Our part of this PROTECT program was a direct-to-patient non-interventional study in which we invited pregnant women in Denmark, the UK, the Netherlands and Poland to share information in a registry about their medical history, medications taken during their pregnancy, lifestyle factors that may have an impact on birth outcome (like use of alcohol, recreational drugs, etc.), and family history. We also collected information about the outcomes of their pregnancies. The goal of the study wasn’t to answer every possible question about the impact of medication and behavior on pregnancy. Rather, it was to demonstrate how such data can be collected and evaluated and then to figure out if it was reasonable accurate and complete.
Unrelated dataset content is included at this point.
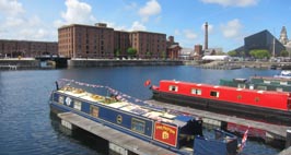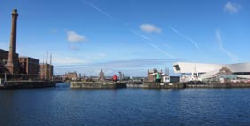 この水路で結ばれている。画像は水路に架けれれた水門兼歩道橋から撮影したもの。マージー川の対岸に見えるのは、

Data collection closed in the first quarter of 2015, and analyses of the results are currently in progress, including comparisons of data reported by pregnant women with that available from electronic medical records (in one country, with patient permission) as well with as the Danish National Prescription Registry, which tracks all medicines prescribed and filled (also, with full patient knowledge).
Such studies are still novel, yet we believe they will be used more often as a way to supplement clinical trial information and provide a full picture of the risks and benefits of medications used in pregnancy as well as other applications. These direct-to-patient registries will allow researchers to address myriad research questions relating to everyday clinical practice, including treatment heterogeneity in population subgroups not traditionally included in clinical trials, like pregnant women as well as children, the elderly and people with multiple and complex diseases. Used in conjunction with clinical trial research, they could be tremendously valuable to inform drug safety by obtaining information that is hard to come by otherwise. Internet-based studies such as this may also be useful for studying illicit drug use and other behaviors that may affect the fetus, since there is some evidence suggesting that patients will tell computers things that they might not tell health care professionals. But these tools must be used wisely, and with strict attention to maintaining patient privacy while also using the data to promote public health.
One of the big obstacles going forward will be to address the variety of administrative barriers relating to data protection and informed consent, independently and also within the structure of a public-private partnership. I hope we will not let our fears about privacy outweigh our need to for information about what factors really can harm the fetus. There are strong research practices that can promote both.